Records excerpted from a collection
_ _ _ _ _ _ _

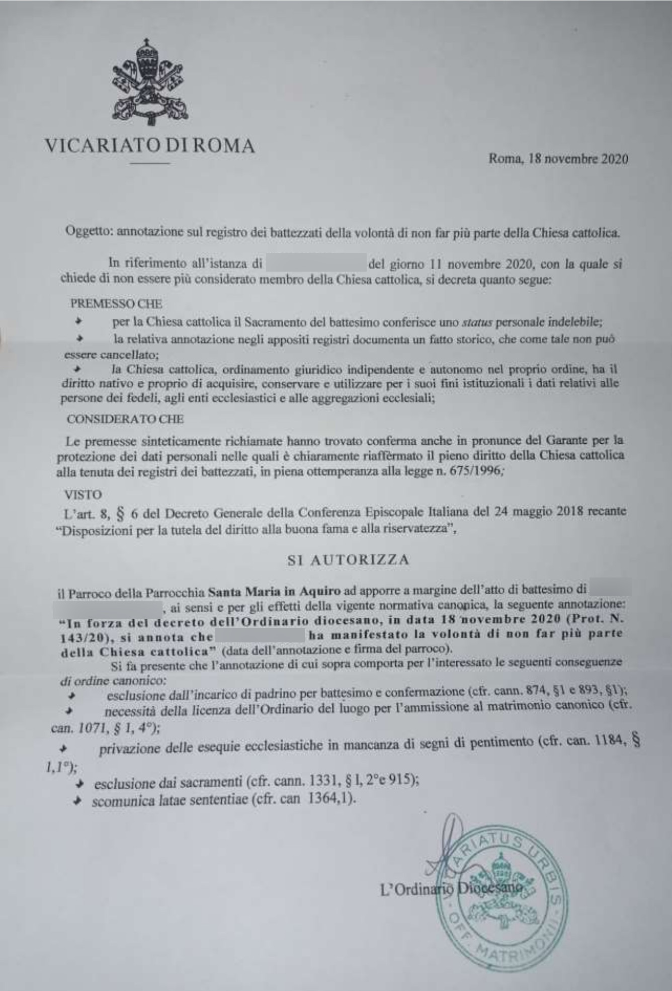 Una persona ha chiesto la rettifica dei dati relativi al proprio battesimo avvenuto a S. Maria in Aquiro - ROMA (RM) il 18/11/2020, dichiarando di non voler più far parte della Chiesa Cattolica.
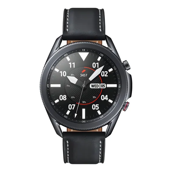 O Galaxy Watch3 oferece um design elegante com caixa de aço inoxidável 316L e pulseira de couro, combinando funcionalidades de monitoramento de saúde e tecnologia avançada. Possui display Super AMOLED de 1,4" e conectividade 4G LTE independente.
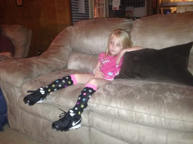 Meanwhile, we took the jump and went ahead and signed Brenna up this year. She really wants to play and is technically supposed to be 5 as of Jan1. (she'll turn 5 at the end of April..end of softball season) But...eh...they'll take our money I'm sure. I just hope she's not in over her head and ends up on a team with all 'big' kids. Hopefully most of the girls on her team will be 5 instead of big 6 yr olds (Its 6 and under in her league) She did not have to go to evals (for the 6U team) but we did outfit her with Brooke's old glove and bat and got her her own pair of cleats (Brooke's old ones are still too big). She was sooooooo in love with her new cleats, she literally wanted to wear them everywhere - even to bed.
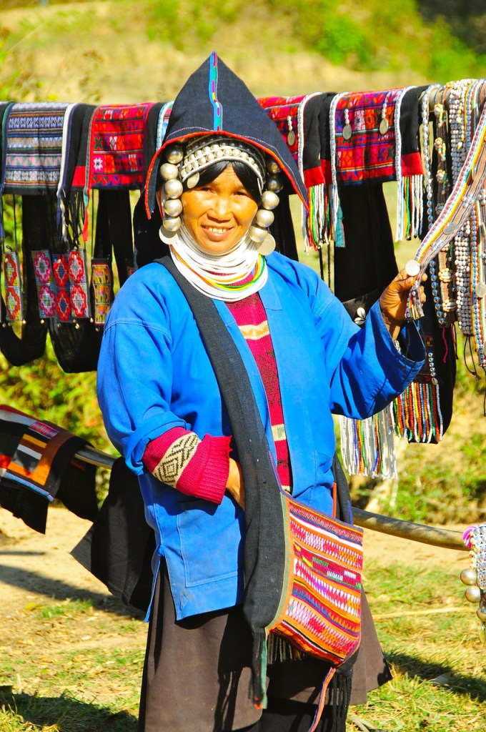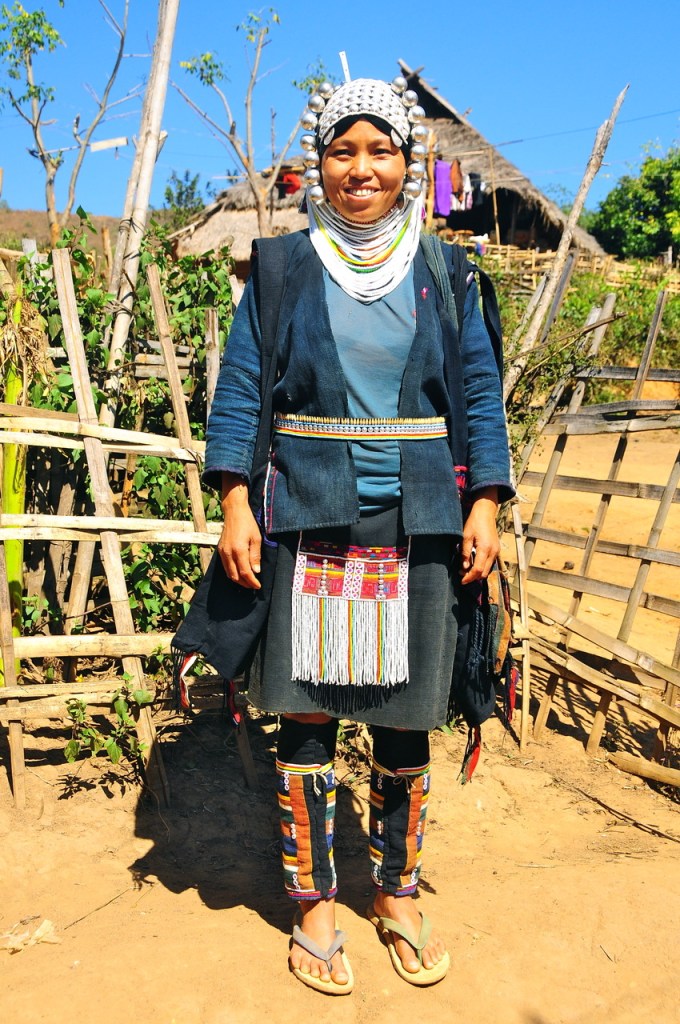 Les vêtements, tissés à la main sont constitués d’une robe, d’une veste bleue teintée à l’indigo et d’un tablier brodé et coloré. Cette tenue est égayée par des jambières multicolores et la tête des femmes est ornée par de magnifiques casques en tissu sur lesquels sont accrochées de nombreuses boules argentées. Le visage est entouré de boules plus grosses et parfois des pièces de monnaie en argent, héritées des colonisateurs, viennent compléter la coiffe. Des colliers de perles de différentes tailles et de différentes couleurs viennent entourer le cou. Chiquer la noix de bétel reste une pratique habituelle chez les femmes et les hommes les moins jeunes, ce qui donne un charme discutable à leur bouche.
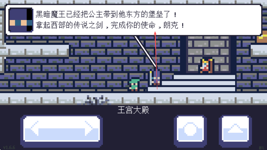 3、与国王旁的人物对话,得知黑暗魔王已经把公主带到他东方的堡垒了!拿起西部的传说之剑,完成你的使命,朗克!。
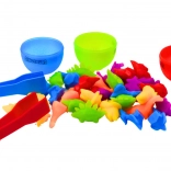 W zestawie znajdują się dziecięce pęsety, dzięki którym dzieci bezpiecznie trenują chwyt, precyzję i cierpliwość – umiejętności ważne przy nauce pisania i codziennej samoobsłudze. Zestaw idealnie nadaje się do samodzielnej oraz wspólnej zabawy z rodzicami lub rodzeństwem i oferuje proste aktywności matematyczne, takie jak liczenie i parowanie.

_ _ _ _ _ _ _

Task details
Starting at the line that contains "O Galaxy Watch3", reproduce exactly and only the lines through the end of the entries above, with the pictures excluded.

Reply
 O Galaxy Watch3 oferece um design elegante com caixa de aço inoxidável 316L e pulseira de couro, combinando funcionalidades de monitoramento de saúde e tecnologia avançada. Possui display Super AMOLED de 1,4" e conectividade 4G LTE independente.
 Meanwhile, we took the jump and went ahead and signed Brenna up this year. She really wants to play and is technically supposed to be 5 as of Jan1. (she'll turn 5 at the end of April..end of softball season) But...eh...they'll take our money I'm sure. I just hope she's not in over her head and ends up on a team with all 'big' kids. Hopefully most of the girls on her team will be 5 instead of big 6 yr olds (Its 6 and under in her league) She did not have to go to evals (for the 6U team) but we did outfit her with Brooke's old glove and bat and got her her own pair of cleats (Brooke's old ones are still too big). She was sooooooo in love with her new cleats, she literally wanted to wear them everywhere - even to bed.
 Les vêtements, tissés à la main sont constitués d’une robe, d’une veste bleue teintée à l’indigo et d’un tablier brodé et coloré. Cette tenue est égayée par des jambières multicolores et la tête des femmes est ornée par de magnifiques casques en tissu sur lesquels sont accrochées de nombreuses boules argentées. Le visage est entouré de boules plus grosses et parfois des pièces de monnaie en argent, héritées des colonisateurs, viennent compléter la coiffe. Des colliers de perles de différentes tailles et de différentes couleurs viennent entourer le cou. Chiquer la noix de bétel reste une pratique habituelle chez les femmes et les hommes les moins jeunes, ce qui donne un charme discutable à leur bouche.
 3、与国王旁的人物对话,得知黑暗魔王已经把公主带到他东方的堡垒了!拿起西部的传说之剑,完成你的使命,朗克!。
 W zestawie znajdują się dziecięce pęsety, dzięki którym dzieci bezpiecznie trenują chwyt, precyzję i cierpliwość – umiejętności ważne przy nauce pisania i codziennej samoobsłudze. Zestaw idealnie nadaje się do samodzielnej oraz wspólnej zabawy z rodzicami lub rodzeństwem i oferuje proste aktywności matematyczne, takie jak liczenie i parowanie.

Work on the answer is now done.